In 1930 writer and poet, Vita Sackville-West, and her diplomat husband, Harold Nicolson made Sissinghurst Castle their home. During the course of over 30 years they created there what was to become one of the most influential gardens in the world. In 1935, while on a cruise of the Mediterranean, they visited the Greek island of Delos. So inspired were they that, on their return to Sissinghurst, they created a new garden, a landscape of ruined stone fragments and Mediterranean plants, which they named Delos in homage.

The brief

The Kent climate, heavy Wealden clay and north-facing aspect of the Delos site, combined with Vita and Harold’s inexperience with Mediterranean plants meant that the garden never became what they had dreamed of. It lost its way and became a spring, woodland garden filled with ferns, hellebores, geraniums and sheets of scilla and narcissus. It became much-loved in this incarnation, but was very far from what Vita and Harold had envisioned. We were charged with remaking Delos to more truly reflect their dreams.

The design

To understand Vita and Harold’s original vision we drew extensively on archival research and worked closely with the property team, especially the former Head Gardener, Troy Scott-Smith. To enable drought-tolerant Mediterranean species to thrive here we had to radically rethink the layout of the garden. A series of dry stone walls create new, gently raised beds, oriented to catch the southern sun and containing a new, free-draining soil mix. Planting inappropriate to the mood here was removed and replaced with plants that are primarily of Greek origin, augmented with others from the wider Mediterranean basin. ‘Dry garden’ plant specialist, Olivier Filippi of Pépinière Filippi, advised on appropriate species selections.
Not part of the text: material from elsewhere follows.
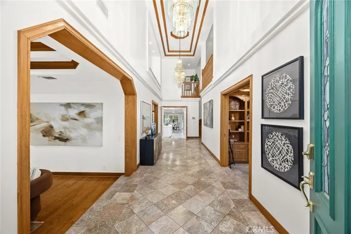 6,186 SQUARE FEET OF LIGHT-FILLED LIVING SPACE, SHOWCASING GLEAMING HARDWOOD AND MARBLE FLOORS, SOARING CATHEDRAL CEILINGS, A GRAND SPIRAL STAIRCASE, AND CRYSTAL CHANDELIERS. WALLS OF CRYSTAL-EDGED GLASS AT THE FRONT OF THE HOME CAPTURE AND REFLECT SUNLIGHT, CREATING A BRIGHT, AIRY ATMOSPHERE THROUGHOUT. COMPLETELY REMODELED FROM THE GROUND UP, INCLUDING ROOF, FLOORS, KITCHEN & BATHROOMS, GARAGE DOORS, APPLIANCES, DECKS, AND ON.
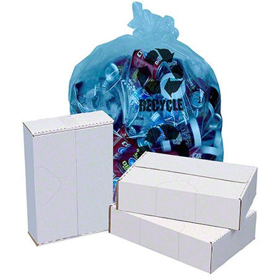 Recycling bags are ideal to hold recyclables included in bag-based municipal curbside recycling programs. They are convenient to use to transport recyclables to community programs, and are strong enough to store a variety of heavy recyclables. The bags are blue in color and clearly printed with the recycling symbol to differentiate them from regular trash. Maximum film strength. Puncture and tear resistant. Blue tint with printed recycling symbol

Work was completed in Spring 2020. The garden will officially open in Spring 2021.

 

“Personally I like to see her (Tulipa clusiana) springing up amongst grey stones, with a few rather stunted shrubs of Mediterranean character to keep her company: some dwarf lavender, and the grey-green cistus making a kind of amphitheatre behind her while some creeping rosemary spreads a green mat at her feet. A few neighbouring clumps of the blue Anemone apennina would associate perfectly, both as to colour and to quality, with the small pale bluish-lilac flowers of the rosemary. A grouping of this kind has the practical advantage that all its members enjoy the same treatment as to soil and aspect, and being regional compatriots, have the air of understanding one another and speaking the same language. Nothing has forced them into an ill-assorted companionship.” 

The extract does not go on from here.